Enter air power, which throws things into direct conflict. Bombers enables you to take out enemy infrastructure; fighters protect your own buildings against enemy bombers. This results in a rock-paper-scissors interaction that changes long-term strategy. When buildings are damaged, they can’t be brought back online till fixed (which requires time as well as money). Your bomber count, along with your opponent’s defenses, go into the calculator to estimate if an attack is worth launching. If not, for example, if target has more fighters than you do bombers, then it will never launch. Knowing this saves you from wasting resources on useless attacks that only help your competition.

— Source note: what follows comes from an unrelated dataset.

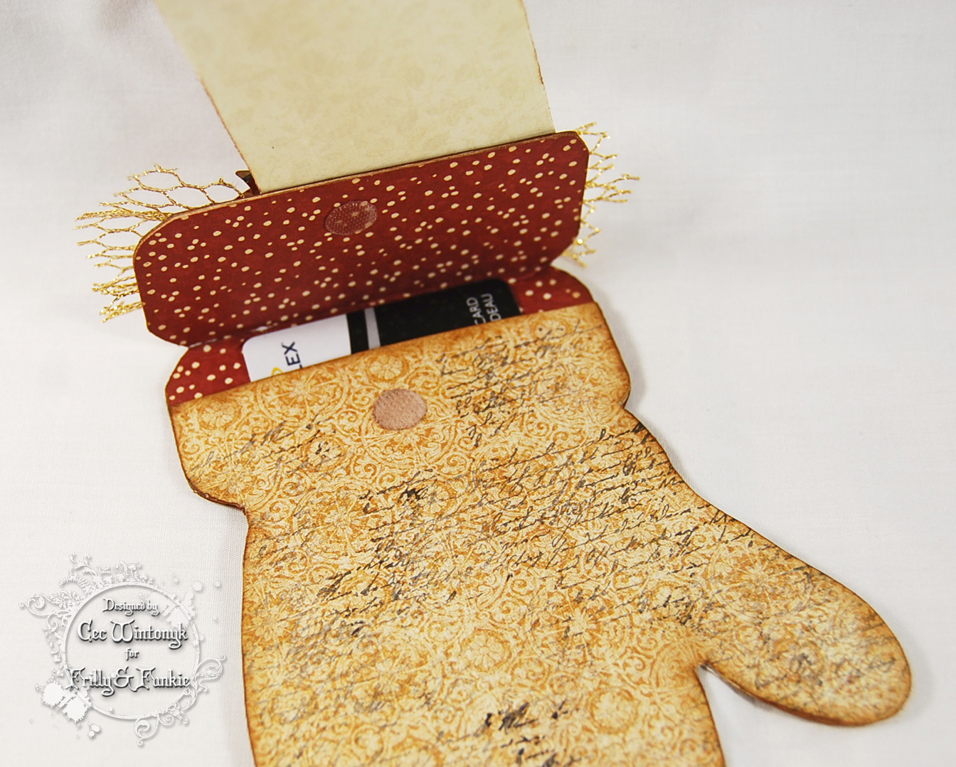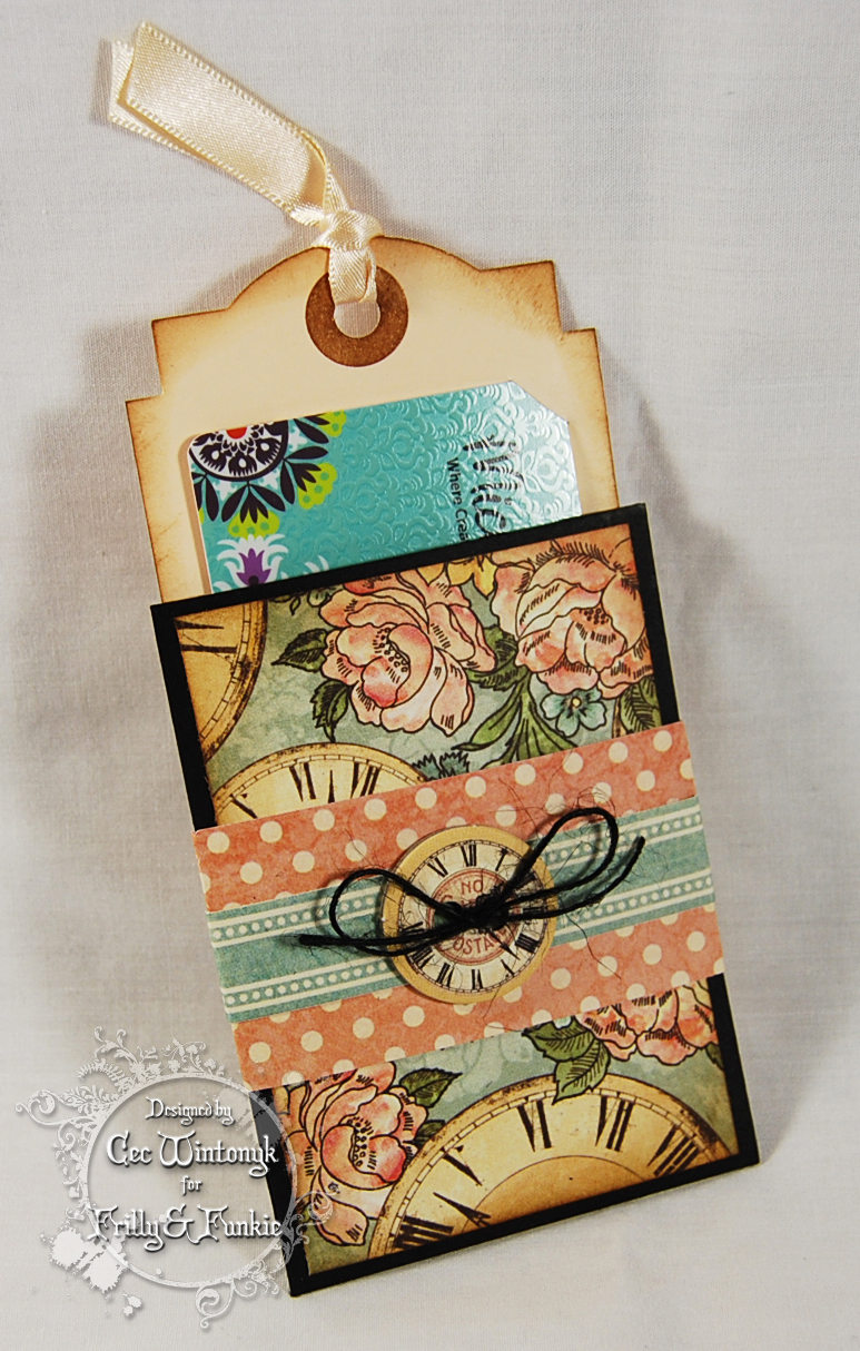 Finally I made a little tag style holder using papers from A Ladies Diary collection. I cut a tag from a scrap of card stock with a fancy die cut for the top. I am not showing you exact measurements for this one because it depends on the size of your gift card. Your tag should be long enough that 3/4" shows above the pocket and the gift card is completely hidden.

It all comes back to worker allocation. There are three types: engineers for construction, scientists for design and research, and general workers for simple tasks like operating stuff. If you misallocate them, then you’ll grind to a halt. If you have loads of cash but no one who know how to use it, what good does that do? To see where you stand on this front, the tool keeps track of your workforce and shows you when you’re about to be able to build a reactor or when you’re simply shuffling around yellowcake. It’s got a neat view of what you want to do versus what you can get done.

It’s all about consolidating when needed and pushing when necessary. In general, being well rounded works better than specializing early on. Build up enough scoring power to crush the final few minutes and enough production that you can survive the mid-game scramble. Depending on how many players are racing, their target scores will differ (lesser players = more points). So in lower player counts, haste makes waste. More than anything, be patient.

Keep an eye on your estimated burst and your opponent’s score. If you’re in contention, burn everything. If you’re way out of the running, slow down and sabotage. You should of want to be building bombs…you want to be building them at the right time so your opponents have no chance of stopping you. That’s where the difference between the greats and everyone else shows.